Exercise goal -
Set down the entries again word for word, without any of the images.

──────── Information provided ────────

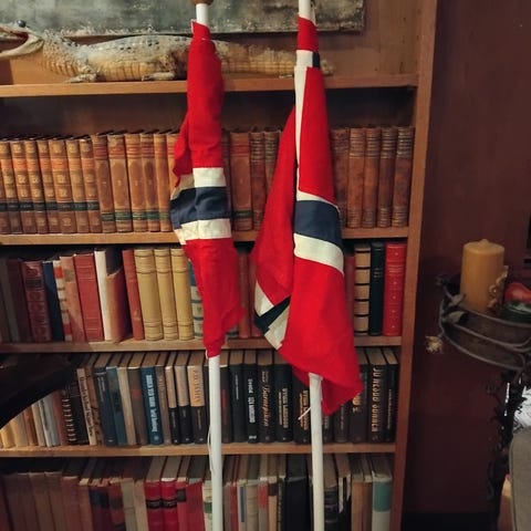 Flott balkongflagg selges! Flagget måler 72 x 54 cm.
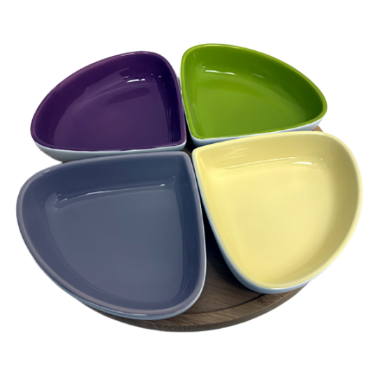 Costco Wholesale プロデュース、回転するバンブープレートと陶器製のお皿の5点セット。陶器プレートは食洗器、電子レンジ使用可能。
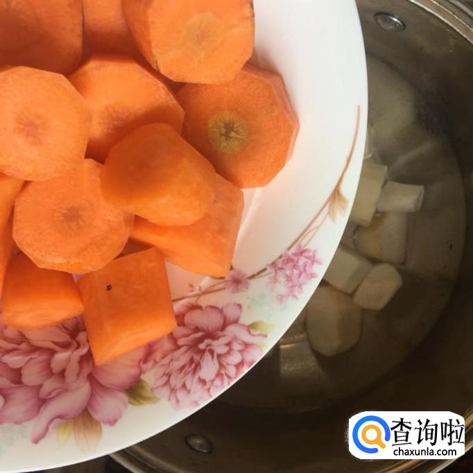 接着把胡萝卜去皮切成段,倒入锅中煮20分钟。
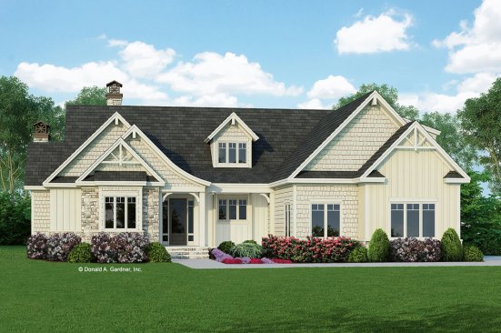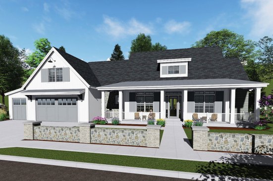 This modern farmhouse gives you options. Choose a crawlspace or slab foundation to get a patio with a fireplace in back, or opt for a walkout basement (a daylight basement is also available) to accommodate a sloping lot with a porch above and a patio below. The open layout feels fresh and contemporary. See more images, information, and the floor plans.
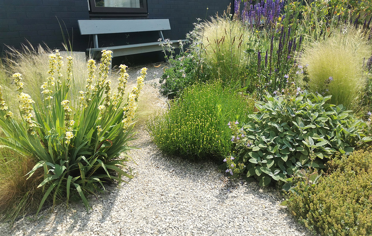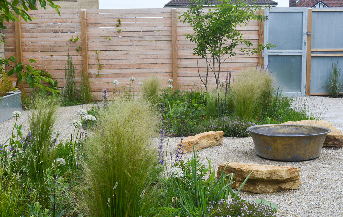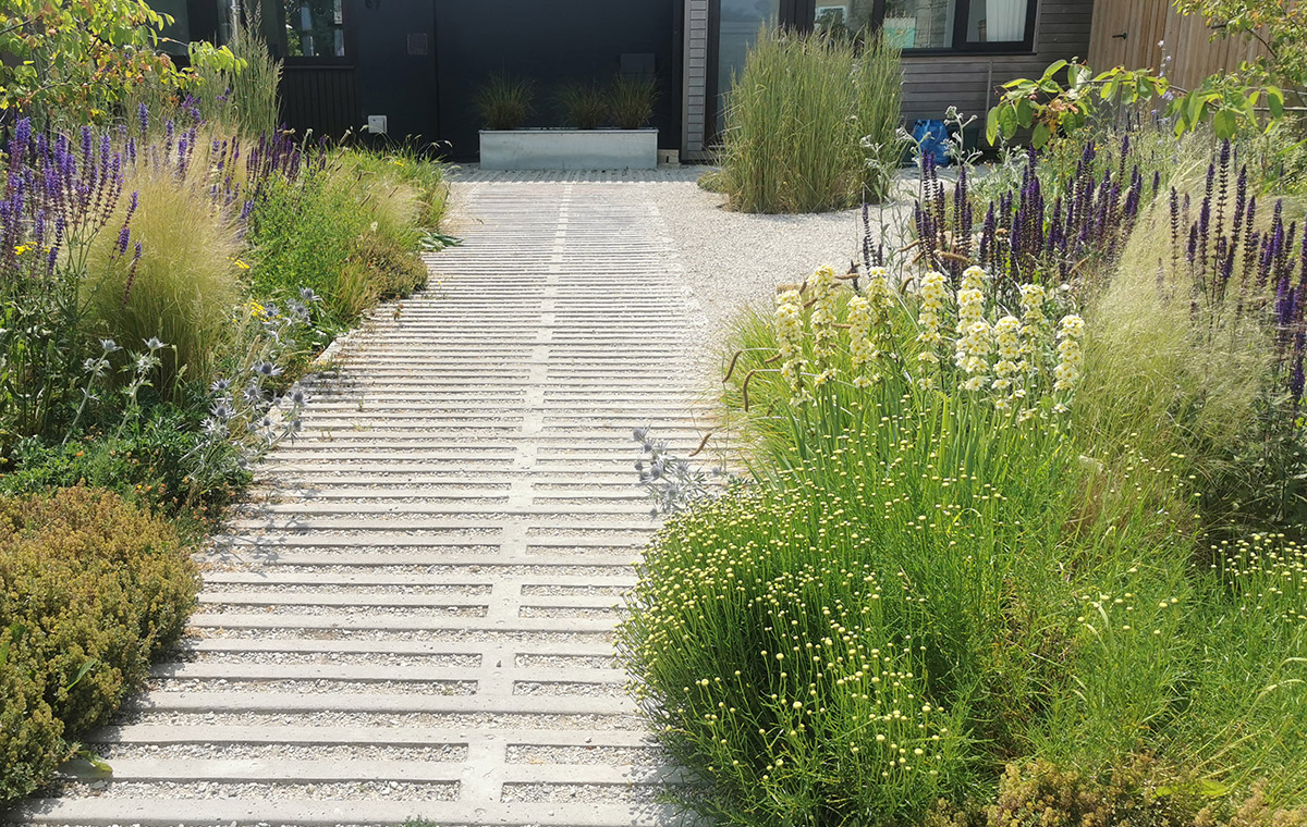 A contemporary driveway and inner front courtyard garden with an industrial twist, juxtapose with plenty of soft, natural style planting. A bespoke fence and gate divide the driveway and inner courtyard, as well as creating privacy and screening from vehicles and the road beyond.
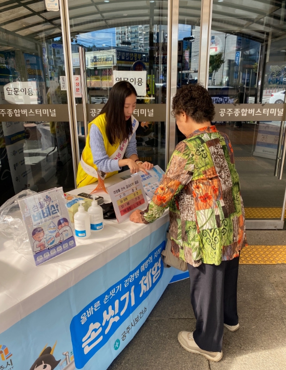 [시사토픽뉴스]공주시는 지난 15일 공주종합버스터미널 일원에서 시민과 이용객을 대상으로 개인위생 수준 향상을 위한 감염병 예방 캠페인을 실시했다고 밝혔다.
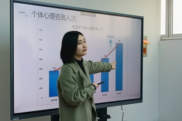 潘芝颖对苏州城市学院近五年个体心理咨询情况进行整体汇报。她从个体心理咨询人次、续约率、学生来访问题分布、咨询师配备等四个方面展开介绍。
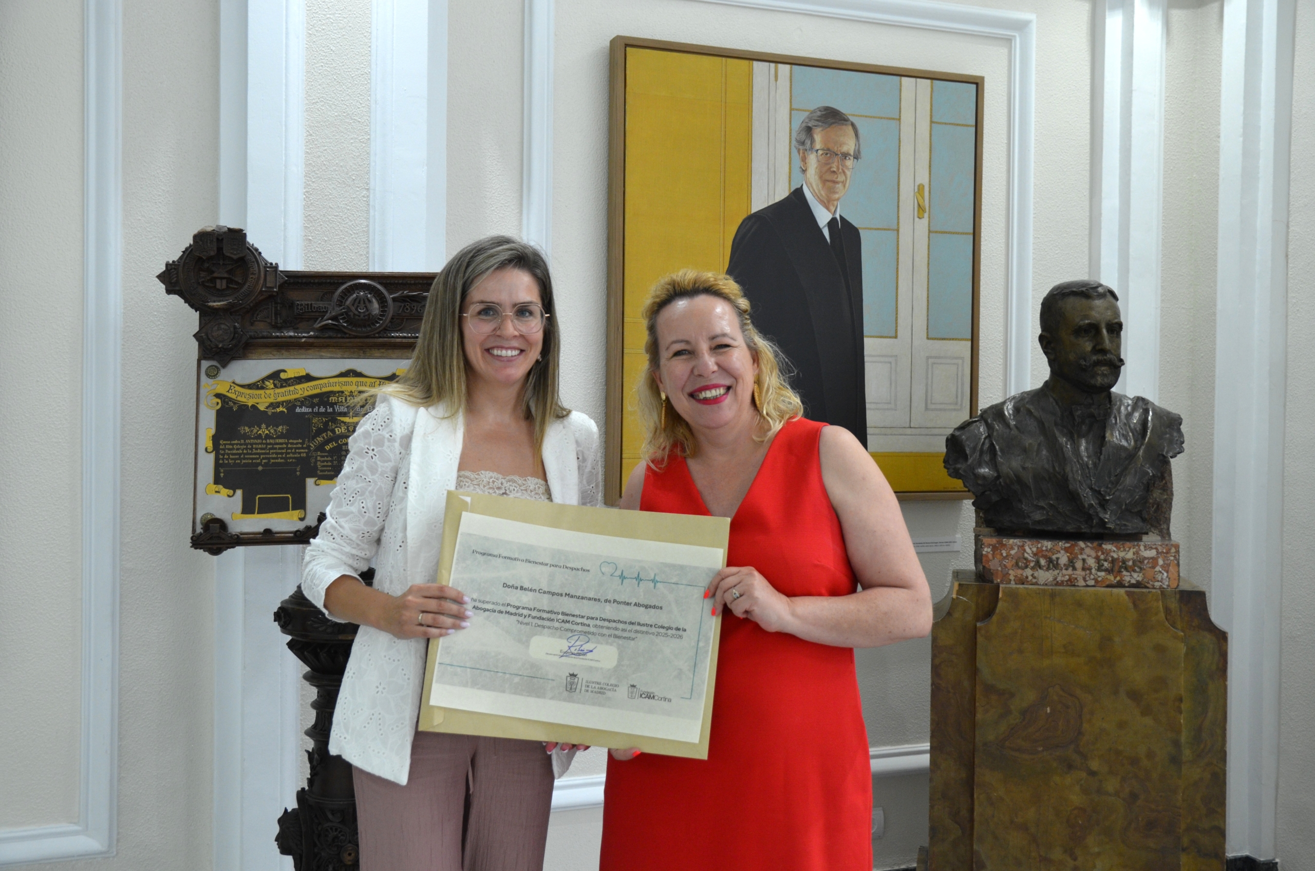 La vicedecana del ICAM, Isabel Winkels, y la diputada de la Junta de Gobierno, Ana Buitrago, han sido las encargadas de entregar los diplomas y el distintivo “Nivel 1: Despacho Comprometido con el Bienestar”, un sello otorgado por la Fundación ICAM que acredita el compromiso de las firmas con el cuidado del bienestar integral de sus equipos y su apuesta por la mejora continua en sus entornos laborales.
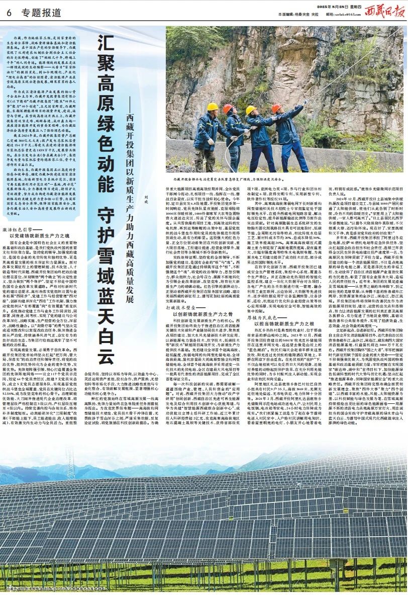 8月28日,《西藏日報》以題為《匯聚高原綠色動能 守護(hù)雪域藍(lán)天白云——西藏開投集團(tuán)以新質(zhì)生產(chǎn)力助力西藏高質(zhì)量發(fā)展》的整版文章,專題報道了西藏開投集團(tuán)近年來致力國企改革、發(fā)展新質(zhì)生產(chǎn)力,推動西藏清潔能源產(chǎn)業(yè)高質(zhì)量發(fā)展的階段性成績。一起來看詳細(xì)報道↓↓↓。
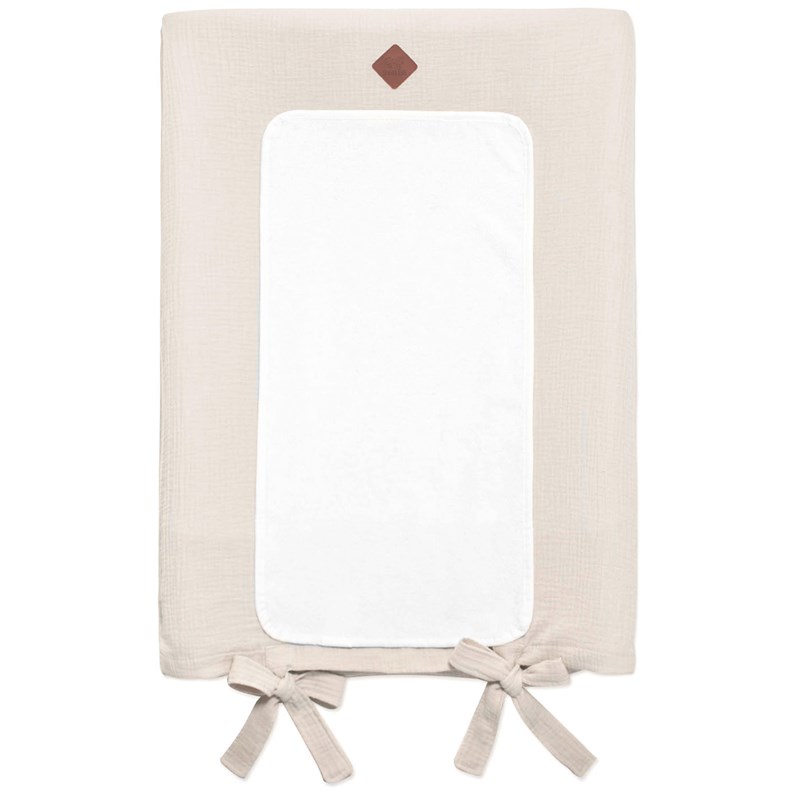 Douce et confortable , cette housse est composée de gaze de coton et de viscose de bambou (uniquement sur partie où le bébé est changé) certifiés.
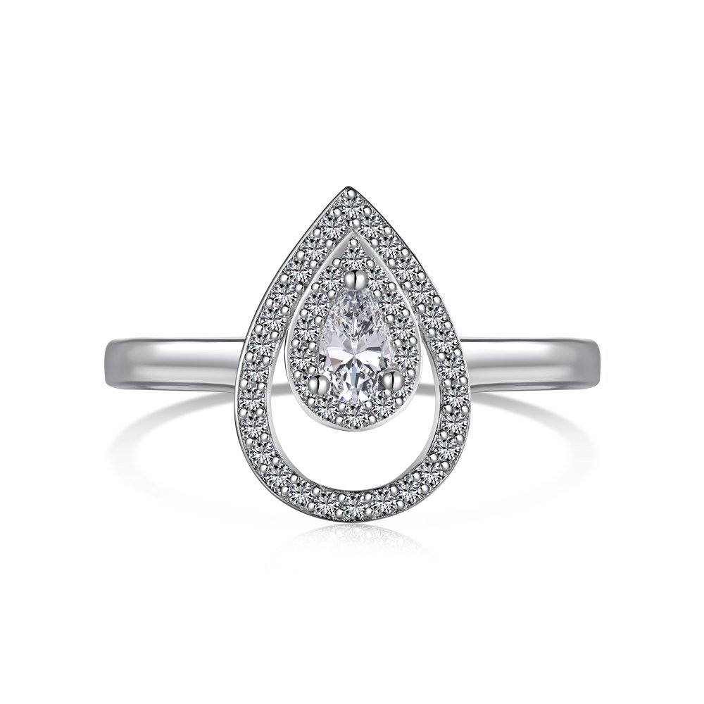 Product: Wholesale 925 Sterling Silver Sparkle Waterdrop Cubic Zirconia Party Ring 70200121.
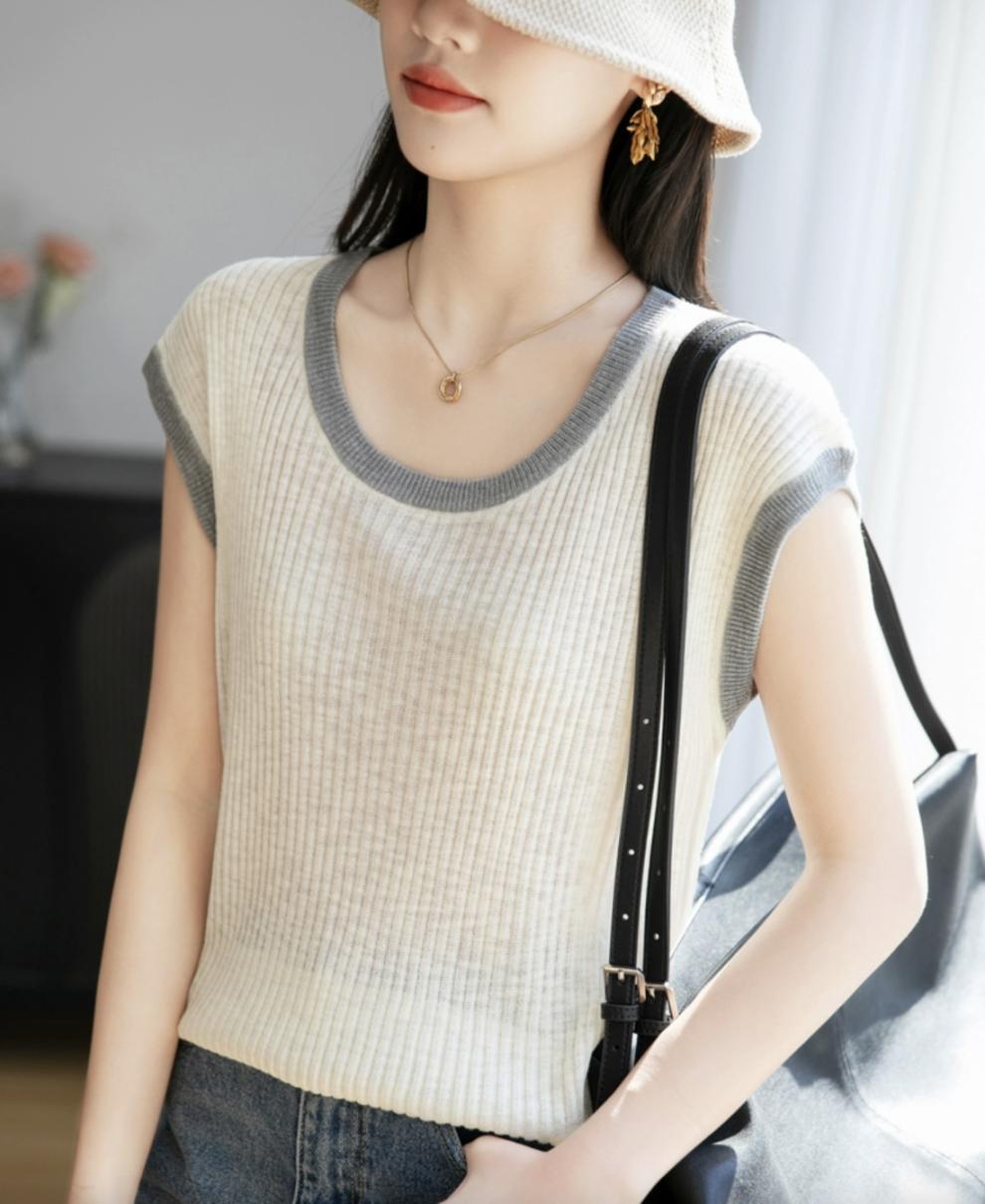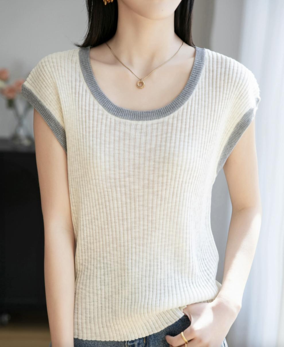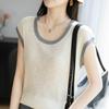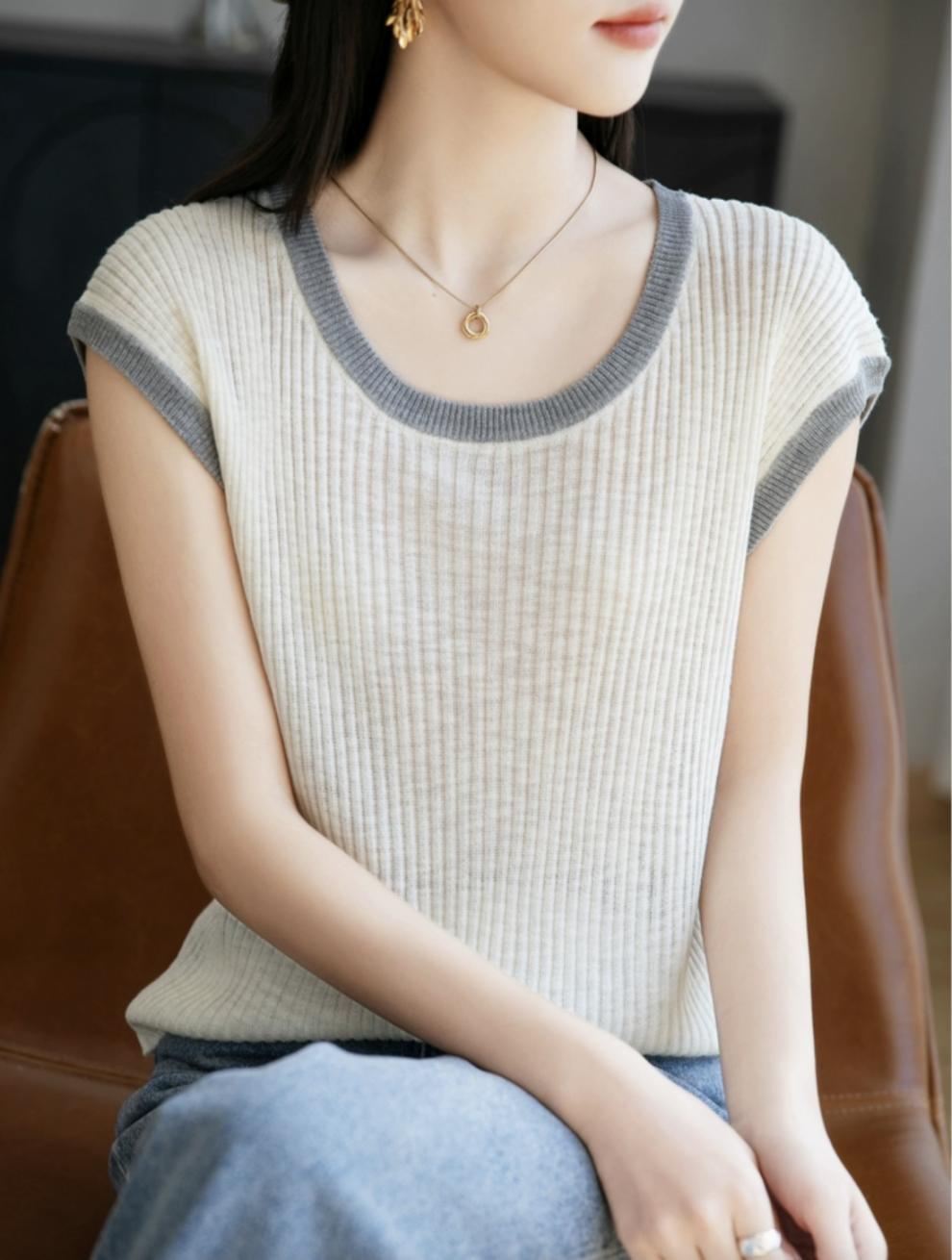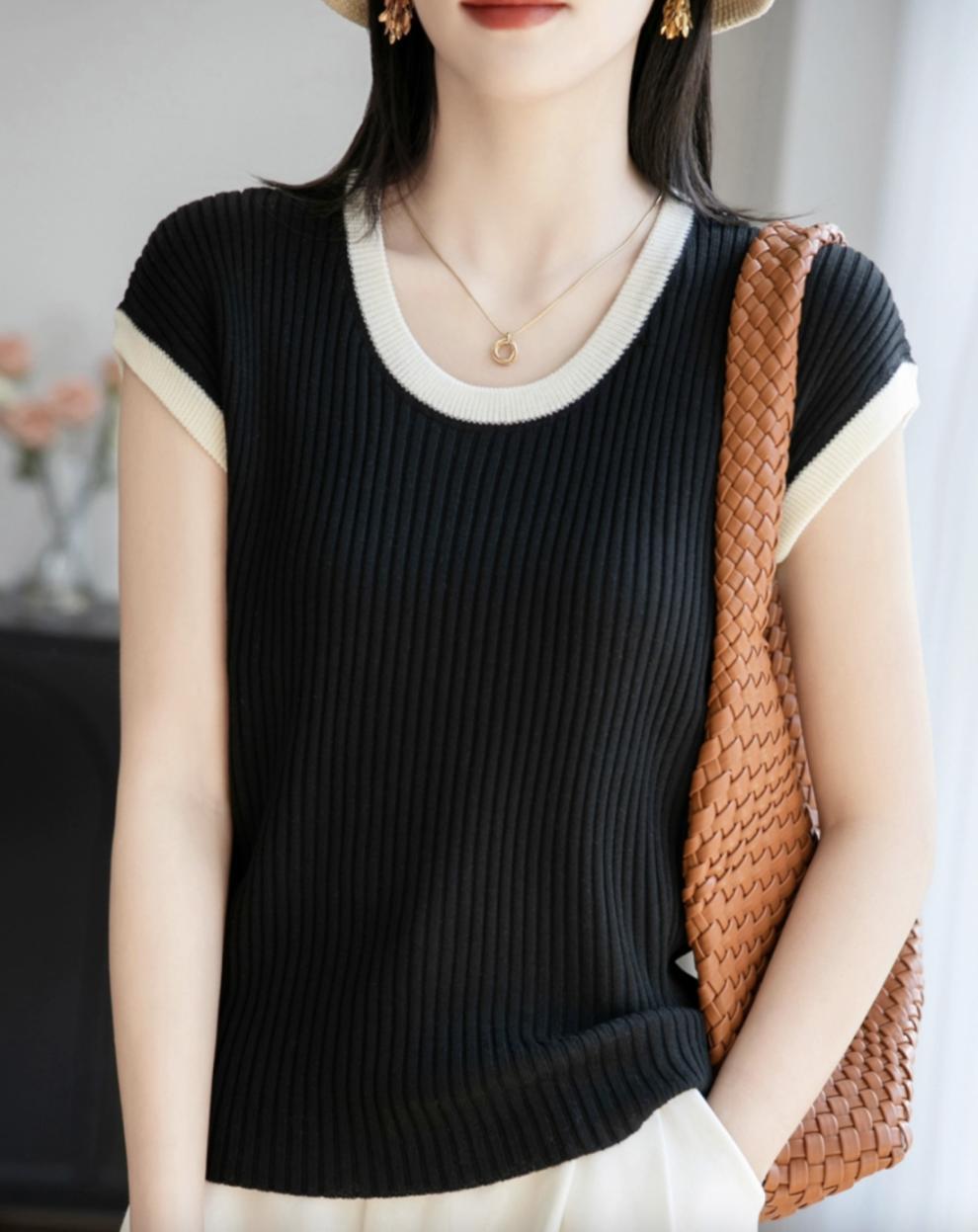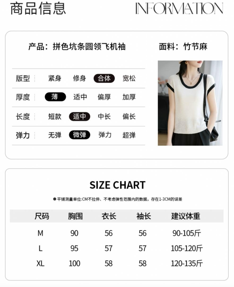 25 Verano Cuello Redondo Slub Color Contraste Chaleco sin Mangas Suéter Ajustado Casual para Mujer Top Básico de Punto Manga Volante

────────

Finished task -
 Flott balkongflagg selges! Flagget måler 72 x 54 cm.
 Costco Wholesale プロデュース、回転するバンブープレートと陶器製のお皿の5点セット。陶器プレートは食洗器、電子レンジ使用可能。
 接着把胡萝卜去皮切成段,倒入锅中煮20分钟。
 This modern farmhouse gives you options. Choose a crawlspace or slab foundation to get a patio with a fireplace in back, or opt for a walkout basement (a daylight basement is also available) to accommodate a sloping lot with a porch above and a patio below. The open layout feels fresh and contemporary. See more images, information, and the floor plans.
 A contemporary driveway and inner front courtyard garden with an industrial twist, juxtapose with plenty of soft, natural style planting. A bespoke fence and gate divide the driveway and inner courtyard, as well as creating privacy and screening from vehicles and the road beyond.
 [시사토픽뉴스]공주시는 지난 15일 공주종합버스터미널 일원에서 시민과 이용객을 대상으로 개인위생 수준 향상을 위한 감염병 예방 캠페인을 실시했다고 밝혔다.
 潘芝颖对苏州城市学院近五年个体心理咨询情况进行整体汇报。她从个体心理咨询人次、续约率、学生来访问题分布、咨询师配备等四个方面展开介绍。
 La vicedecana del ICAM, Isabel Winkels, y la diputada de la Junta de Gobierno, Ana Buitrago, han sido las encargadas de entregar los diplomas y el distintivo “Nivel 1: Despacho Comprometido con el Bienestar”, un sello otorgado por la Fundación ICAM que acredita el compromiso de las firmas con el cuidado del bienestar integral de sus equipos y su apuesta por la mejora continua en sus entornos laborales.
 8月28日,《西藏日報》以題為《匯聚高原綠色動能 守護(hù)雪域藍(lán)天白云——西藏開投集團(tuán)以新質(zhì)生產(chǎn)力助力西藏高質(zhì)量發(fā)展》的整版文章,專題報道了西藏開投集團(tuán)近年來致力國企改革、發(fā)展新質(zhì)生產(chǎn)力,推動西藏清潔能源產(chǎn)業(yè)高質(zhì)量發(fā)展的階段性成績。一起來看詳細(xì)報道↓↓↓。
 Douce et confortable , cette housse est composée de gaze de coton et de viscose de bambou (uniquement sur partie où le bébé est changé) certifiés.
 Product: Wholesale 925 Sterling Silver Sparkle Waterdrop Cubic Zirconia Party Ring 70200121.
 25 Verano Cuello Redondo Slub Color Contraste Chaleco sin Mangas Suéter Ajustado Casual para Mujer Top Básico de Punto Manga Volante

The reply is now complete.